The application also provides a terminal, which comprises a memory and a processor, wherein the memory stores a computer program, and the computer program realizes the steps of any Internet of things equipment configuration method when being executed by the processor.

The application further provides an internet of things system, which comprises a terminal for configuring and/or controlling the internet of things equipment, a gateway for linking and/or group-controlling the internet of things equipment, and is characterized in that,

the terminal is used for realizing a linkage control method of any Internet of things equipment;

the gateway is used for realizing the steps of any Internet of things equipment configuration method.

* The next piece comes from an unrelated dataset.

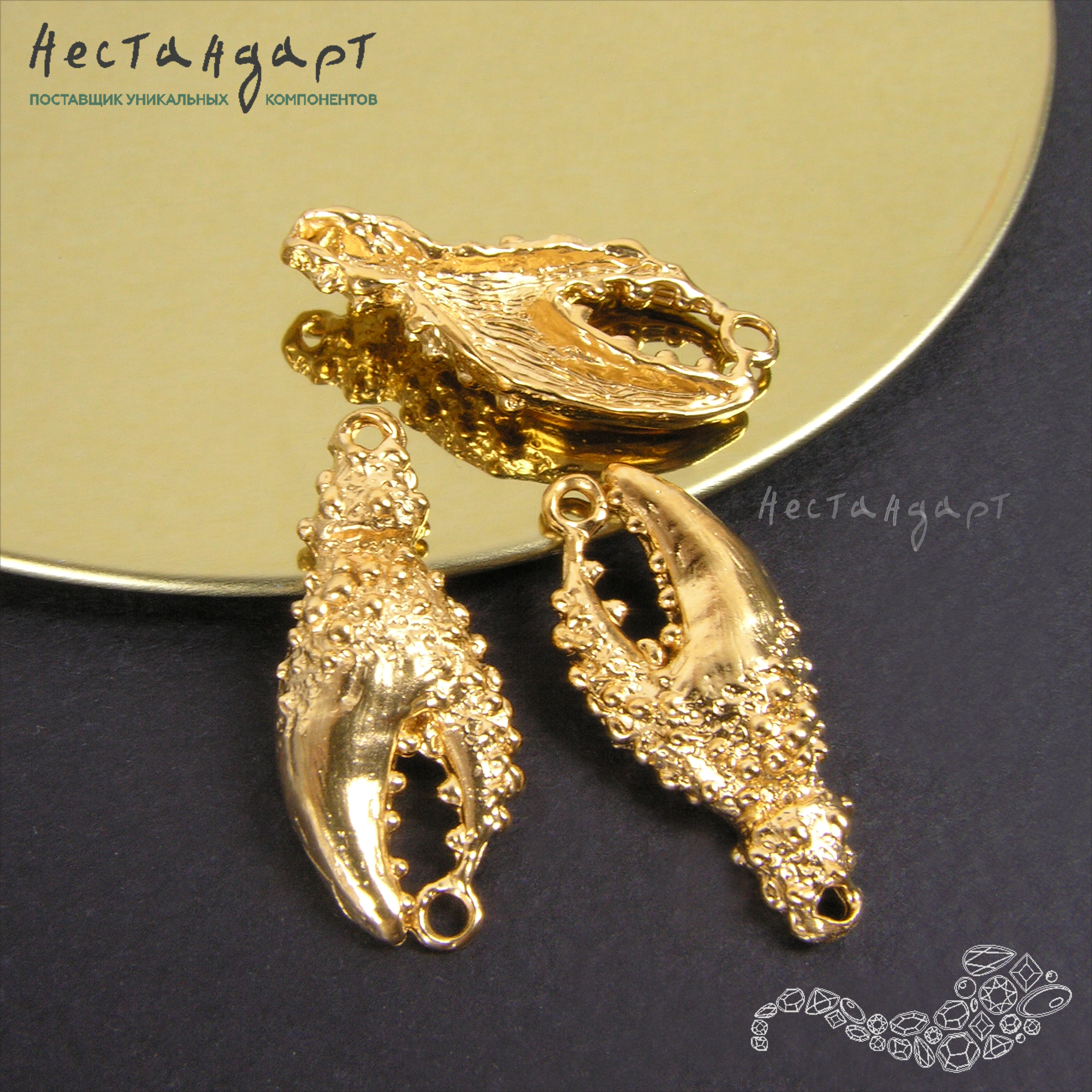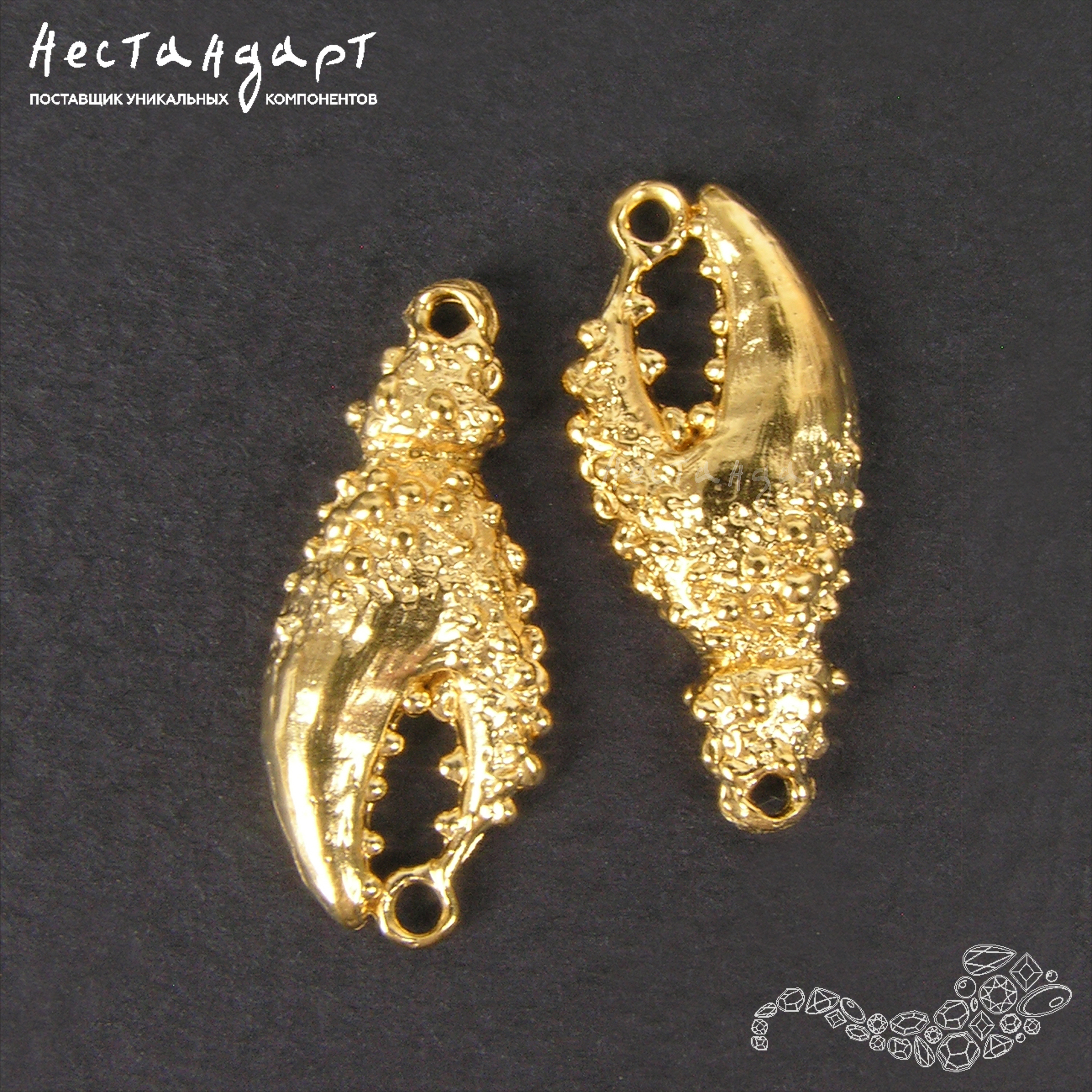 Чудные коннекторы в виде крабовых клешней из нашей морской коллекции выполнены из высококачественной ювелирной латуни покрыты высокопробным, гипоаллергенным золотом 999 пробы. Не тускнеющее сияющее драгоценное покрытие и оригинальный силуэт обязательно привлекут внимание, напомнят вам о теплом море. Этот авторский дизайн отличается высочайшим уровнем проработки и детализации.
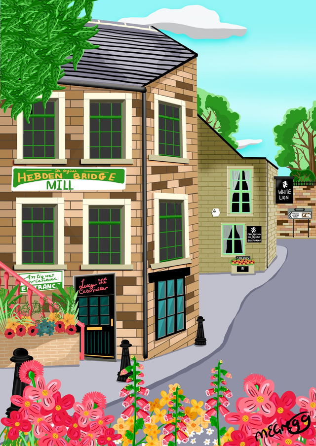 This digitally illustrated art print features The Mill and the White Lion pub in Hebden Bridge, West Yorkshire, reimagined in Marie Gregg’s expressive, hand-drawn style.

Preferably, the internet of things system further comprises a cloud platform for providing internet of things services, and the cloud platform is connected with the gateway through a network, transmits configuration signaling and control signaling, and stores gateway network parameters and internet of things equipment states.

According to the linkage control method of the Internet of things equipment, based on each linkage rule with direct or indirect incidence relation, the control logic of the trigger sequence formed by the trigger conditions in each linkage rule in sequence is generated, so that linkage control can be performed according to the control logic based on the execution state of the trigger target returned from each controlled equipment, the flexibility of linkage configuration is improved, and the linkage of multi-level scenes in complex scenes is effectively solved; the triggering condition in any linkage rule is utilized to at least play a role in starting and stopping the execution state of the triggering target in the linkage control process through the correlation formed by the execution states of the triggering targets in another linkage rule, so that the state information in the Internet of things system is fully utilized, the intellectualization of the Internet of things equipment is improved, and the enrichment of services in the Internet of things system is facilitated.

Drawings

Fig. 1 is a schematic flow chart of a linkage scene for closing lights in a living room and opening a curtain.

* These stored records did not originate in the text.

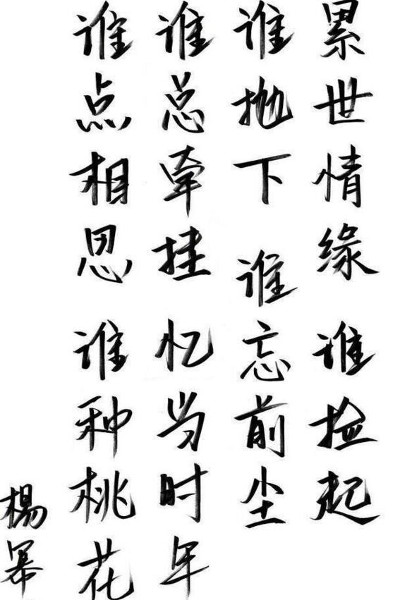 杨幂写了13个字,“忆当时年华,谁点相思,谁种桃花”,随着这些字投放在大屏幕上,现场所有的粉丝都沸腾了。“大幂幂你最棒”“原来大幂幂的字写得这么好!”的声音不绝于耳。下面我们就欣赏一下杨幂的书法作品。
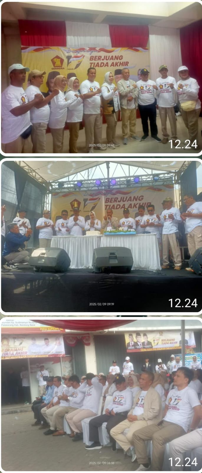 Oh yang mana gerinda sekarang sudah menginjak usia 17 tahun, Saya berharap” semoga partai Gerindra semakin Jaya dan tentunya di kegiatan hari ini di acara ulang tahun ini kita, mengadakan bakti sosial, dan memberikan bantuan santunan pada ,anak yatim juga pada lansia. tentunya hari ini juga kita dihadiri oleh wakil bupati terpilih kita Bapak Haji Asep Ismail dan beliau sekarang sudah menjadi kader partai Gerindra.
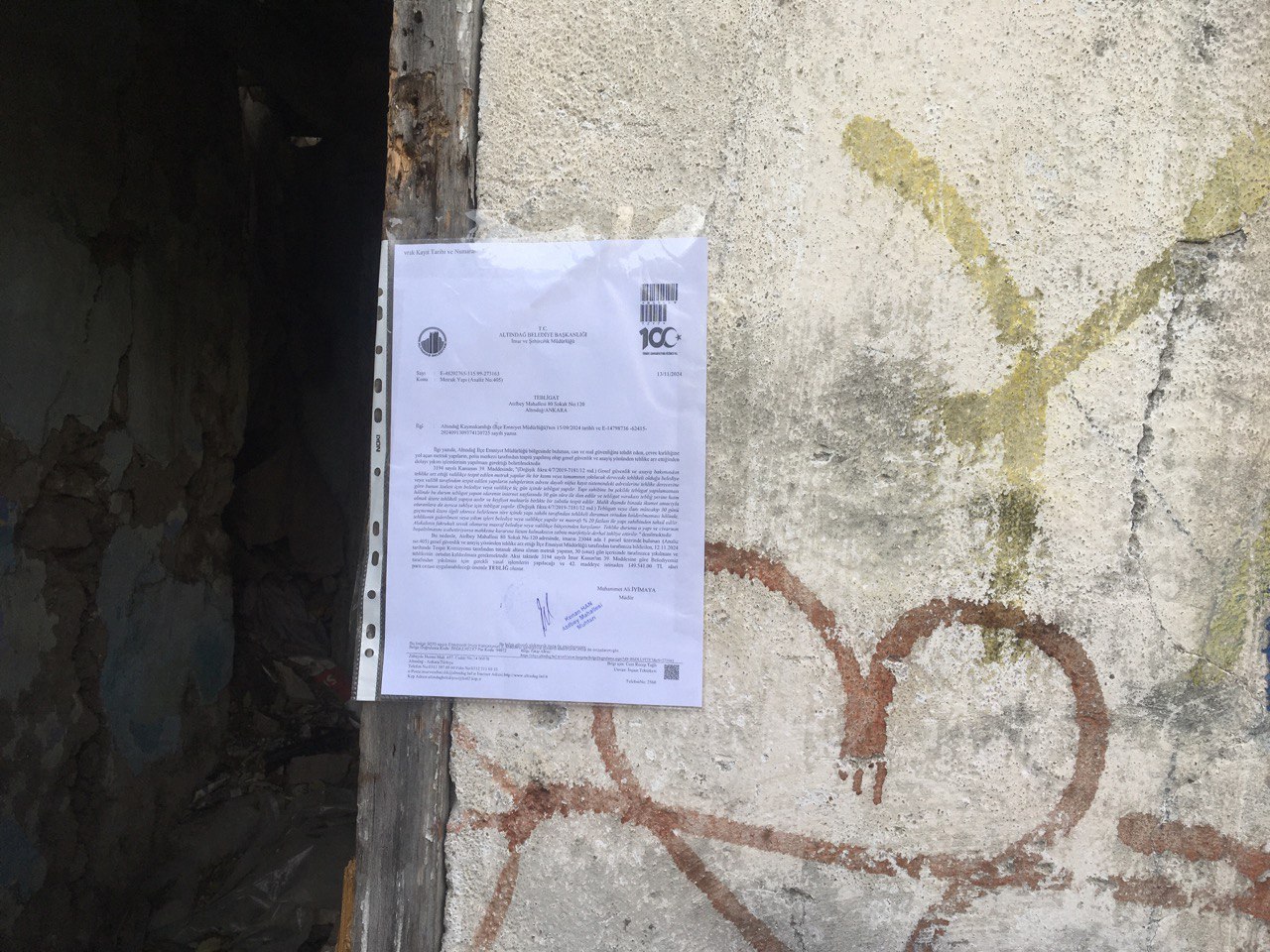 Atıfbey Mahallesi 80 Sokak No:120 Yıkım Tebligatı
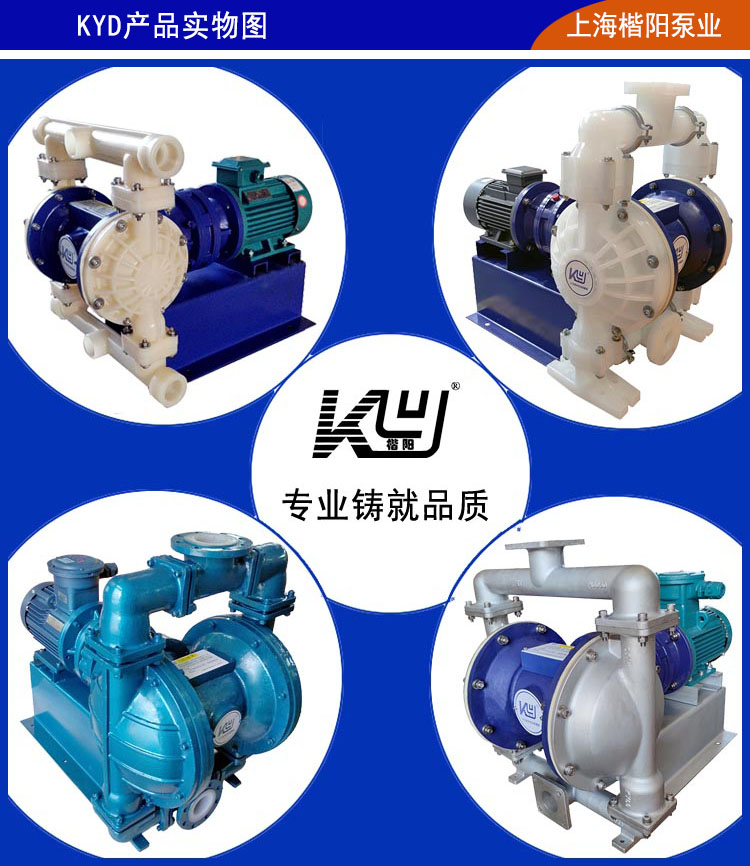KYD型電動隔膜泵是一種采用BLY擺線針輪減速機傳動動力的往復泵,上海楷陽電動隔膜泵廠家經過數十年的研發改進,生產出了具有國際水平的電動隔膜泵。其材質也取得了突破性的進展,上海楷陽電動隔膜泵廠家生產的KYD型電動隔膜泵主要材質有304不銹鋼隔膜泵、316L不銹鋼隔膜泵、電動鑄鐵隔膜泵、電動鋁合金隔膜泵、工程塑料(增強聚丙烯)電動隔膜泵、氟塑料(聚偏氟乙烯)電動隔膜泵和耐腐蝕抗壓性能超強的鋼襯氟電動隔膜泵等。

Fig. 2 is a schematic flow chart of the method for linkage control of the internet of things device.

Fig. 3 is a schematic flow chart of the method for configuring the linkage of the internet of things devices.

FIG. 4 is a flow chart illustrating linkage control using the current execution state of the present linkage rule as one of the constraints of the next linkage rule.

Fig. 5 is a schematic diagram of an intelligent home system.

Fig. 6 is a schematic view of a linkage control flow in a scene of opening the window covering when the lighting is turned off.

Fig. 7 is a flowchart illustrating a linkage control according to the execution progress of the trigger target and the execution result.

Fig. 8 is a schematic diagram of a gateway for implementing coordinated control according to the present application.

Fig. 9 is a schematic diagram of a terminal for implementing linkage rule configuration according to the present application.

Fig. 10 is another schematic diagram of a terminal or gateway.

Detailed Description

For the purpose of making the objects, technical means and advantages of the present application more apparent, the present application will be described in further detail with reference to the accompanying drawings.

The applicant researches and discovers that in the existing linkage control, control logic is established by combining relatively independent trigger conditions, and the trigger conditions and the trigger targets are not related normally, so that no intrinsic relation exists between linkage rules.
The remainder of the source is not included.